Fulll GC: old's GC, also known as Major GC, often accompanied by a Minor GC, slower.

2 large objects directly into the old year

Large objects are Java objects requires a lot of contiguous memory space, the most typical of large objects is the kind of long strings and arrays.
Virtual machines provide a parameter: PretenureSizeThresholdgreater than this parameter object will be allocated directly in the old era.

3 long-lived objects will enter the old year

Virtual machine for each object defines a target age counter (Age), still alive after the object each time through the Minor GC, Survivor and can be accommodated, then aged just +1, when aged to a certain extent (the default is 15), will be promoted to the old era, this threshold parameters can MaxTenuringThreshold be set.

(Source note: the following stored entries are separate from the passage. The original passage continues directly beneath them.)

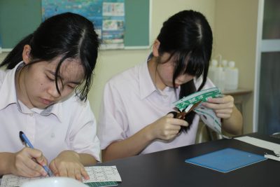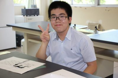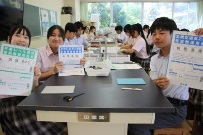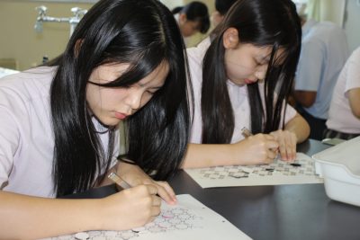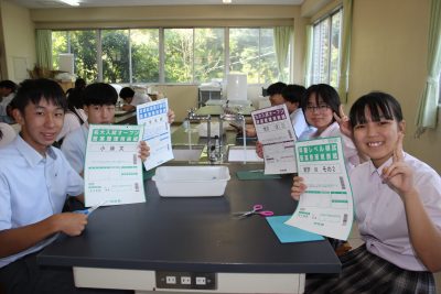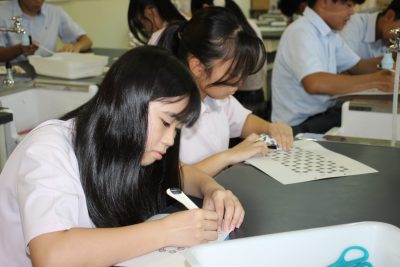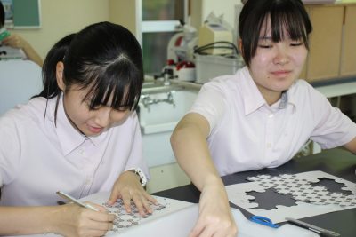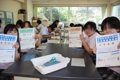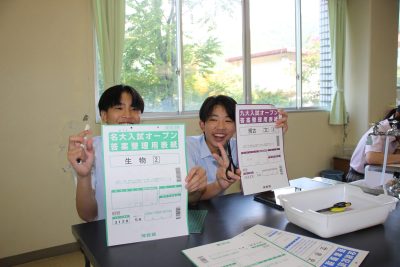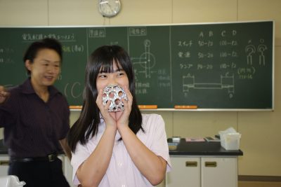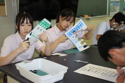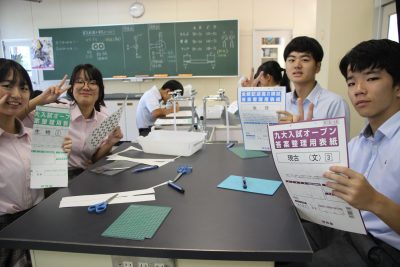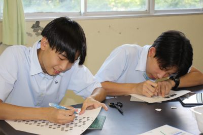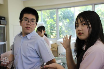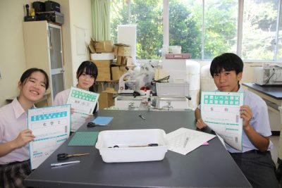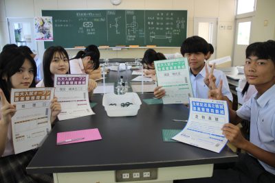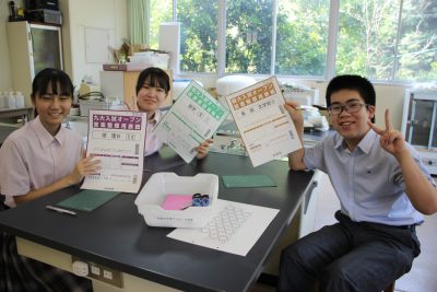 少し前の実験ですが、炭素化合物であるフラーレン(C60)の分子模型の作製をしました。用紙を切り抜いて組み立てますと、美しいサッカーボール状になります。完成すると達成感があり、楽しいペーパークラフトです。いつもの早く終わった人たちによる記念撮影もあります。
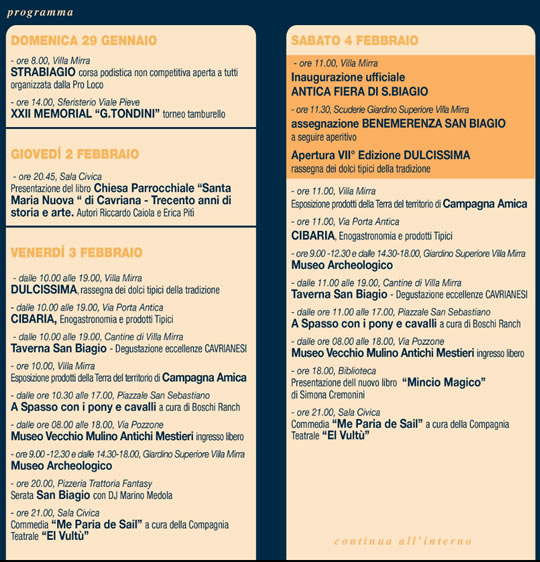 Da venerdì 3 a domenica 5 febbraio a Cavriana in provincia di Mantova, è in programma l’Antica fiera del patrono San Biagio, con Taglio e distribuzione gratuita maxi torta di San Biagio in Piazza Castello e molti altri eventi.
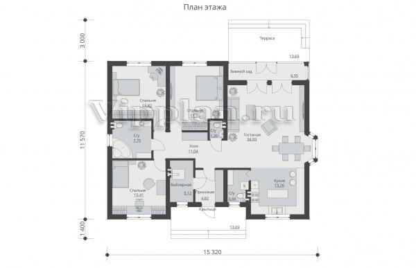 | Размеры дома: | 11.57м×15.32м |
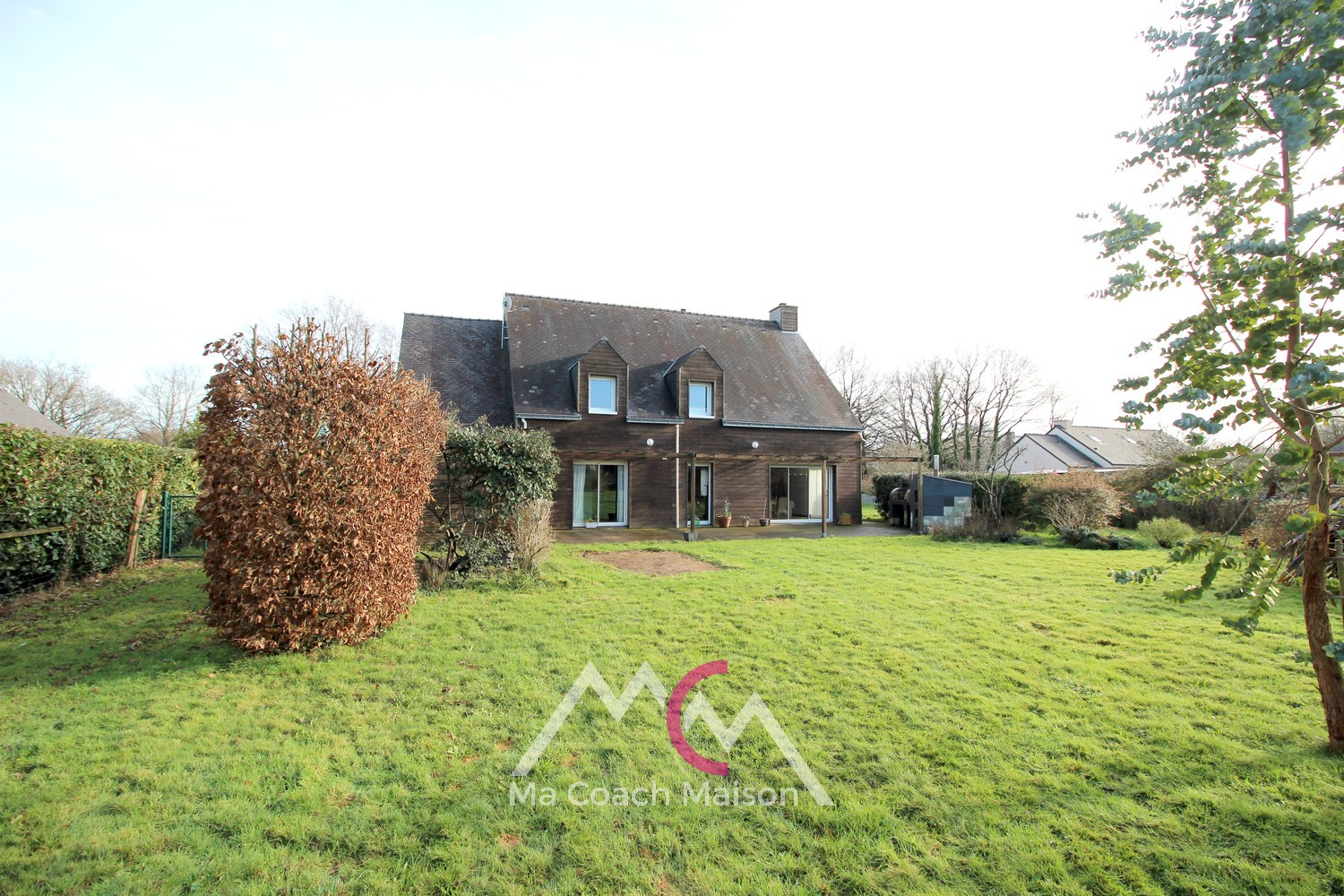 Une terrasse avec pergola en bois, un garage et un préau attenants complètent l’ensemble.

4. The moving object determination age

4 dynamic target age determination

If the sum of the same age Survivor space is larger than half the size of all the objects in space Survivor, age greater than or equal to the object that age you can go directly to the old era.

5 space allocation guarantees

In order to better adapt to the different procedures of memory condition, age is not an object must reach a threshold before entering the old era.
The average size of the contiguous space as long as the new generation of old age is greater than the total size of the object or the previous promotion will be Minor GC, otherwise it will be Full GC.